Limitations & Future Work

  • The 1,000-trial Optuna search introduces non-trivial computational overhead; the hyperparameter search itself is not cost-free despite training-free inference.
  • Generic GPT-3 descriptions may lack sufficient discriminability in highly specialized domains.
  • Only the one-shot setting is evaluated; performance under few-shot regimes (2/4/8/16-shot) is not reported.
  • Experiments are conducted solely with a ViT-B/16 backbone; generalization to larger backbones or other VLMs is not verified.
  • Tip-Adapter: A local NW estimator averaging 62.85% vs. ReHARK's 65.83%; the gap originates from global regularization and hybrid priors.
  • ProKeR: Also employs global RKHS regularization but lacks GPT-3 priors and multi-scale kernels, yielding 63.77% vs. 65.83%, with the largest gap on EuroSAT (59.75 vs. 69.19).
  • GDA: Gaussian discriminant analysis with Mahalanobis distance achieves 62.24%, representing one of the stronger training-free baselines.

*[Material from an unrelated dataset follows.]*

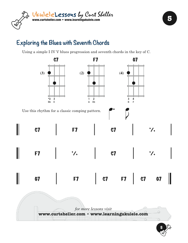 The Blues are at the heart of all American music. It has influenced Country, Rock, Folk, Jazz, Bluegrass and just about every form of American music we listen to today. 26 blues progressions in C and G tuning, progressing from basic to advanced jazz progressions, with chord grids and substitutions explained.
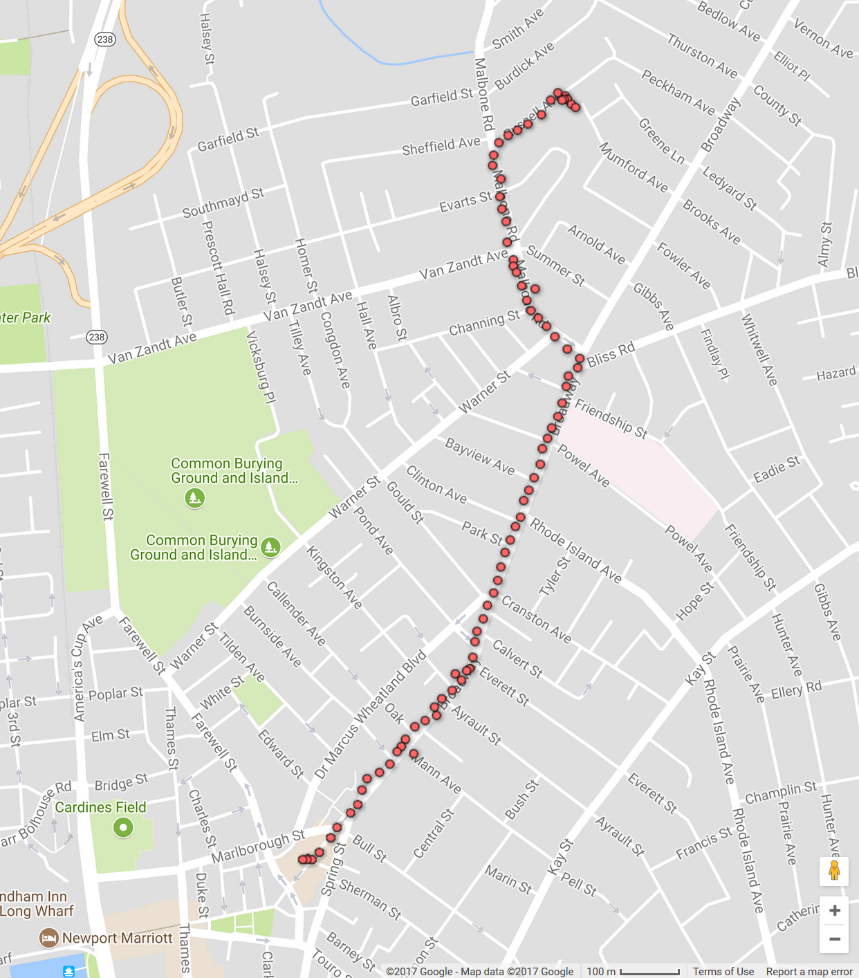 This document follows the question "Where are the sidewalks?", taken from real-world, day-to-day experience through the steps to find, collect, and analyze the data to answer it. This is the approach we try to use in the Newport Data Project. Hopefully you were able to follow along to see how the walks around the city turned into the map above. This example only scratched the surface - there are more questions to ask like "Can people walk safely where they need to go?", and "Are these sidewalks accessible to everyone?" We just need to follow the same process with these new questions.

The hybrid prior construction strategy is broadly applicable to other VLM adaptation scenarios — rather than relying on a single prompt or description, fusing multi-source semantic knowledge is a generally useful principle. The multi-scale kernel ensemble idea is simple yet effective and transferable to other kernel methods. The bridge augmentation concept (mixing visual and text features) also holds general value for cross-modal alignment tasks.

Rating

  • Novelty: ⭐⭐⭐⭐ — A systematic improvement over ProKeR; the combination of hybrid priors, multi-scale kernels, and bridge augmentation is novel.
  • Experimental Thoroughness: ⭐⭐⭐⭐ — Evaluated on 11 benchmarks with multi-dimensional ablations; lacks few-shot and multi-backbone comparisons.
  • Writing Quality: ⭐⭐⭐ — Structure is clear, but some equations are redundant and excessive use of passive voice reduces readability.
  • Value: ⭐⭐⭐⭐ — Offers clear practical value for one-shot VLM adaptation; the training-free design is well-suited for real-world deployment.